# Dataset content:

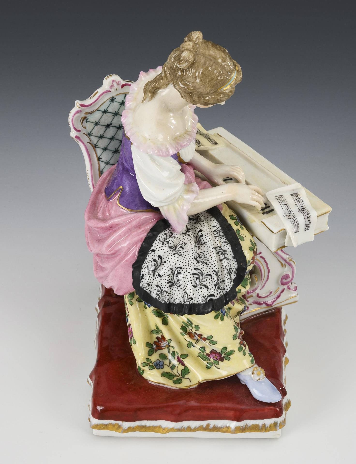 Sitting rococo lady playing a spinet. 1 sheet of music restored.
==
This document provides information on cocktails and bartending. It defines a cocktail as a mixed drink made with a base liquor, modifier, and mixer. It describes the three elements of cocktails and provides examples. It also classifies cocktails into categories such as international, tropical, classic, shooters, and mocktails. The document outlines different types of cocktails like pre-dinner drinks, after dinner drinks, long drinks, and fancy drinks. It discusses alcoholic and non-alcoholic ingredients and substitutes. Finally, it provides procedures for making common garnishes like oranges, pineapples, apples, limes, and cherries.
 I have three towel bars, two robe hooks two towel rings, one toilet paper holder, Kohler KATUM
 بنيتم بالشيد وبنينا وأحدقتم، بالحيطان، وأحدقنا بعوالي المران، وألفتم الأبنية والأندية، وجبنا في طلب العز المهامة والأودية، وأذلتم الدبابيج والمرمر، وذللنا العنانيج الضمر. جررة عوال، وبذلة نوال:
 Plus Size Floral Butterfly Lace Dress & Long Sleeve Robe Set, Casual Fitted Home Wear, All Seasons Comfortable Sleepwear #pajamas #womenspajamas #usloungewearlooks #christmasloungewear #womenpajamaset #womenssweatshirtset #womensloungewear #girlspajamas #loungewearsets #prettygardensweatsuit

# Required work:
From the entries above, collect every line with the string "three" in it.

# Response:
This document provides information on cocktails and bartending. It defines a cocktail as a mixed drink made with a base liquor, modifier, and mixer. It describes the three elements of cocktails and provides examples. It also classifies cocktails into categories such as international, tropical, classic, shooters, and mocktails. The document outlines different types of cocktails like pre-dinner drinks, after dinner drinks, long drinks, and fancy drinks. It discusses alcoholic and non-alcoholic ingredients and substitutes. Finally, it provides procedures for making common garnishes like oranges, pineapples, apples, limes, and cherries.
 I have three towel bars, two robe hooks two towel rings, one toilet paper holder, Kohler KATUM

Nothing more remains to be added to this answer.